Let's understand the tax implication of surrendering an endowment life insurance plan
An endowment life insurance plan is a policy that is a mixture of insurance coverage and savings plan. Investing in this is eligible for tax benefit under section 80C of the Income Tax Act. Though these plans look attractive by providing multiple solutions, they should be avoided since they fail to provide an adequate life cover and usually fail as a good investment product.
If one is already invested in this plan and now wants to get out of it, they can surrender the policy. It is never too late to quit a bad investment. It is likely that a huge chunk of the invested amount might be deducted as a penalty, but it may still be wise to surrender it.
There's a small implication on how endowment policy is taxed if surrendered. The surrender value upon maturity is tax-free only if the premiums of the first two years have been fully paid. If the policies are purchased on or after April 01, 2012, the surrender value would be tax-free only if the sum assured is more than 10 times the annual premium amount. For example, if the annual premium is Rs 2 lakhs, the sum assured must be at least Rs 20 lakhs.
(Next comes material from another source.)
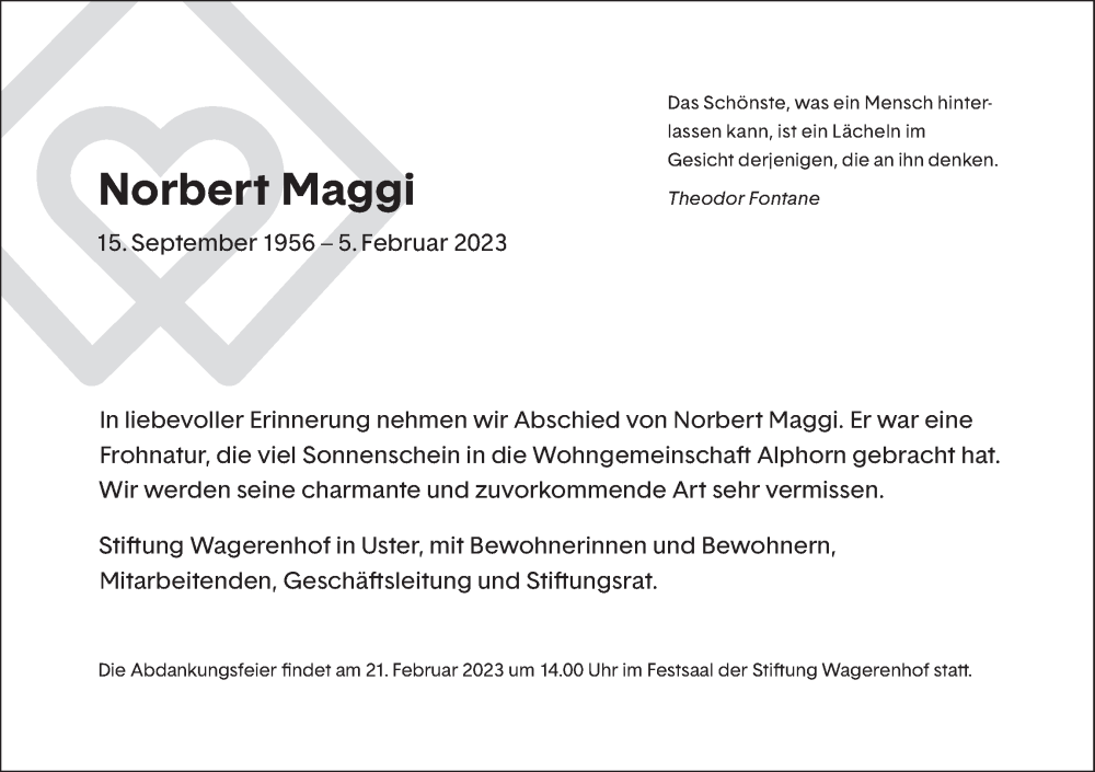 Hier finden Sie alle Traueranzeigen aus der Zeitung, die bisher für Norbert Maggi erschienen sind. Weitere Traueranzeigen, die in der Zeitung erscheinen, werden hier ebenfalls aufgelistet

And if the policy was issued between April 01, 2003, and March 31, 2012, the surrender value would be tax-free only if the sum assured is more than five times the amount of the annual premium. If the policy was issued before March 31, 2003, the surrender value would be completely tax-free.
If the investor thinks of surrendering the life insurance policy, it is better to understand the tax implications of surrender. But do ensure you have an adequate life cover if you have financial dependents. And for that, purchasing a pure term plan is the best and cheapest option.